Pain-relieving drugs (analgesics)

Title• Pain is associated with many pathological

conditions. They not only cause painful experiences, but also worsen the underlying disease. Generally recognized the leading role of the factor of pain in the etiology and pathogenesis of traumatic shock, which in some cases can cause death. All this shows the great importance for practical medicine painkillers. Pain is perceived by specific receptors, which are called 'nociceptors'. They represent the end of the tree-like branched afferent fibers located in the skin, muscles, joint capsules, periosteum, internal organs, etc. are damaged (nociceptive) stimuli may be mechanical, thermal and chemical effects.

• Pain is often a cause pathological process (e.g., inflammation). Known endogenous substances which, acting on nociceptors, can cause pain (e.g., bradykinin, histamine, serotonin, potassium ions etc.).

• Prostaglandins (for example, group E2) increase the sensitivity of nociceptors to chemical (and thermal) irritation. Pain caused by irritation of pulses propagate along the C and 'Aδ-fibers and come back in the horn of the spinal cord. Here is the first switch from afferent fibers in the neurons of. Hence the excitement extends to the following paths.

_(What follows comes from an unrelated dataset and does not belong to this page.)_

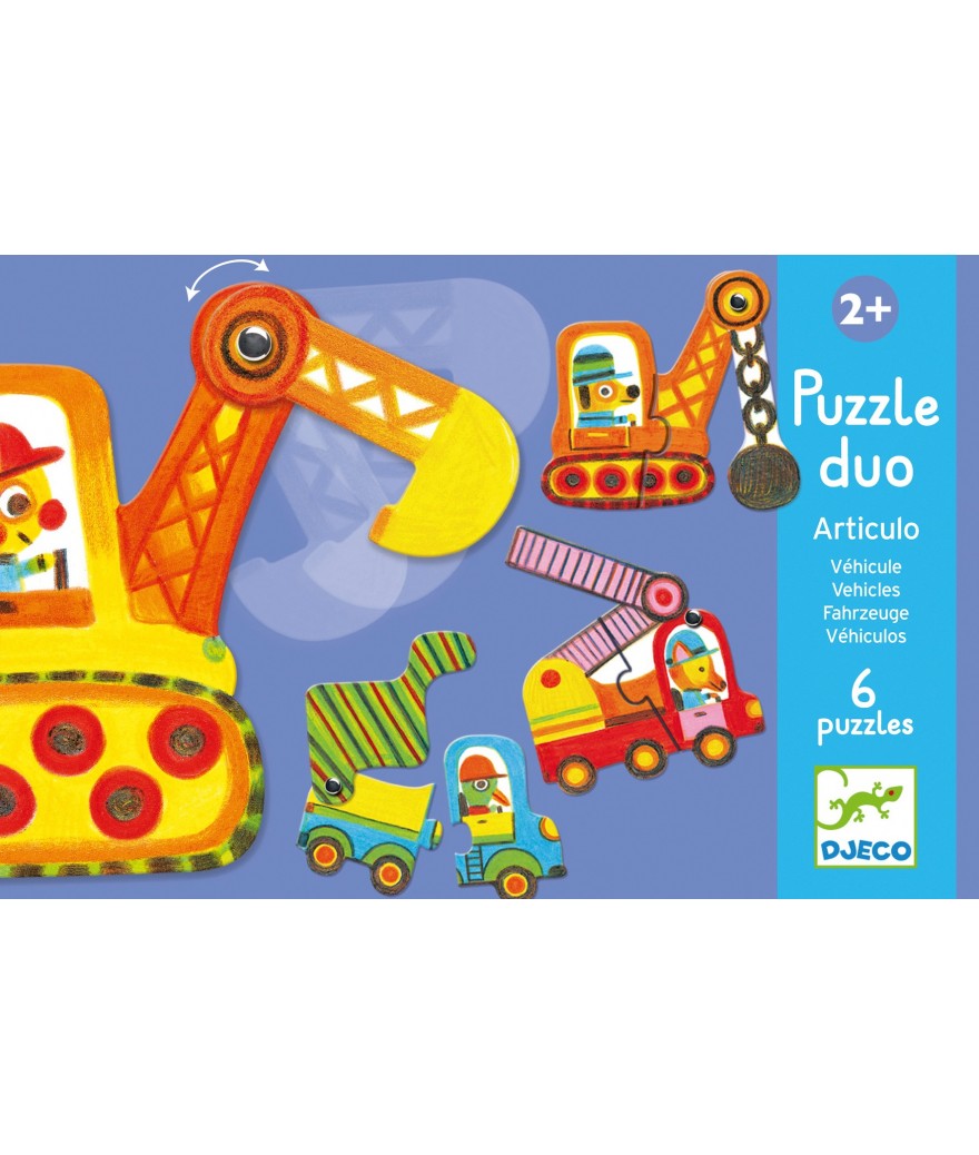 De duopuzzel Articulo Vehicles bestaat uit 6 kleurrijke, beweegbare voertuigenpuzzels. Als ze eenmaal zijn gereconstrueerd, kan je kind ermee spelen en verhalen verzinnen

• One - ascending afferent tracts. They spend excitement to the upstream departments - the reticular formation, thalamus, hypothalamus, to basal ganglia, the limbic system and the cerebral cortex. The combined interaction of these structures leads to the perception of pain assessment and the relevant behavioral and autonomic responses. The second way - to send pulses to the motor neurons of the spinal cord, which is manifested motor reflex. The third way is through the excitation of neurons in the lateral horn, which is activated as a result of the adrenergic (sympathetic) innervation.

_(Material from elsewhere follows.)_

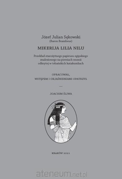 W dorobku Józefa Juliana Sękowskiego (1800-1858), znanego orientalisty, znajdują się również teksty o innym charakterze. Jako Baron Brambeus ogłosił Sękowski drukiem rodzaj pastiszu literackiego, usytuowanego na pograniczu pewnego rodzaju prowokacji intelektualnej, w którym jako autor starał się jednocześnie czytelnikowi w przewrotny nieco sposób przekazać pewien zasób wiedzy o dziejach starożytnego Egiptu i jego cywilizacji. W tomiku prezentowanym obecnie wykorzystał Sękowski swe doświadczenia związane z wyprawą do Egiptu i Nubii (1821). Nabył wówczas egipski papirus grobowy z I wieku n.e. który wkrótce potem ofiarował Uniwersytetowi Jagiellońskiemu. Przyjął też na siebie rolę rzekomego edytora naukowego tak cennego źródła historycznego, sięgającego czasów XII wieku p.n.e. Zasadniczą intrygę oparł Sękowski na przekazie Herodota (Dzieje, II 121), opisującego zmagania faraona Rampsynita (Ramzes II), usiłującego pojmać sprytnego rabusia, naruszającego zasoby jego skarbca. Pierwodruk Mikeriji Lilii Nilu ukazał się w języku rosyjskim w roku 1845; niniejszy przekład stanowi jego pierwsze tłumaczenie na język obcy.

• The functioning of the neurons of spinal cord dorsal horn is regulated by supraspinal antinociceptive system. The last is a complex of structures, it turns descending inhibitory effect on the transmission of pain stimuli in primary afferent neurons of fibers. For example, it is shown that electrical stimulation of the periaqueductal gray or reticular nucleus or microinjection of enkephalins in them causes a reduction in pain sensitivity. Carried downward through the inhibition of serotonergic, noradrenergic, and neurons. It should also consider the presence of a large number of various endogenous peptides including analgesic activity (enkephalins, β-endorphin, dynorphin, etc.), as well as nociceptive properties (e.g., substance P).

• In the brain tissues are formed and many other biologically active substances which may be involved not only as mediators and modulators but nociceptive stimulation. As the last act, and some neurohormones. Peptides with analgesic activity (opioids) interact with a specifical opiate receptors, which are found in most formations accepting part in the conduct and perception of pain. Identified different types of opioid receptors, which differ in their sensitivity to endogenous and synthetic opioids.

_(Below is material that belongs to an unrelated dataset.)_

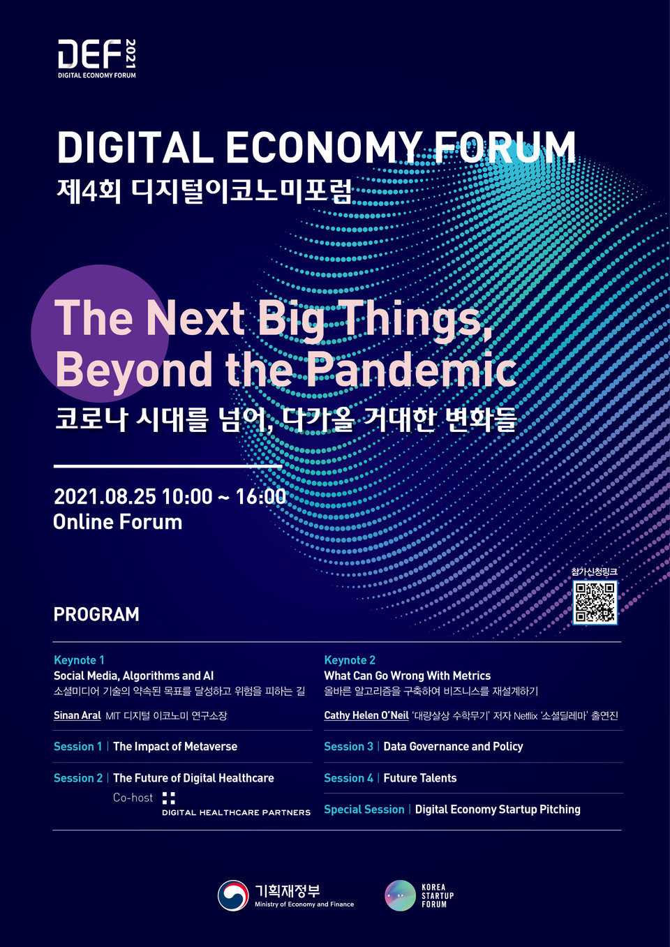 [테크월드뉴스=조명의 기자] 기획재정부(이하 기재부)는 8월 25일 기획재정부 주최, 코리아스타트업포럼 주관으로 ‘2021 디지털이코노미포럼’을 개최한다고 밝혔다.

• Thus, in the body there is a complex neurohormonal antinociceptive system. In the event of failure (with over-expressed or long-term damaging effects) pain must be repressed with the help of painkillers. Depending on the origin, nature and intensity, and duration of pain use certain painkillers mediaproperties. Analgesics - drugs that selectively inhibit pain sensitivity. They do not turn off the mind and does not inhibit other types of sensitivity. Based on the pharmacodynamics of the drugs, they are divided on narcotic and non-narcotic analgesics power industry.

• Narcotic analgesics and their antagonists Pharmacological effects of narcotic analgesics and their antagonists anta due to the interaction with opioid receptors are found in the central nervous system and in peripheral tissues. Based on the principle of interaction of these substances with opiate receptors, they can be represented by the following groups: Agonists: Morphine Fentanyl Promedol Agonist-antagonists (partial agonists): Pentazosin Nalorfin Antagonists Naloxone

• Narcotic analgesics mainly relate to the first group of substances. However, this can be used as a partial agonist and if they predominate agonist properties (e.g. pentazocine). Narcotic analgesics have a marked inhibitory effect on the central nervous system. It appears analgesic-sky, sleeping pills, antitussive effect. In addition, most of these changes the mood (euphoria occurs) and causes drug dependence (physical and mental). The group of opioids include a number of products derived from plant material as well as synthetically.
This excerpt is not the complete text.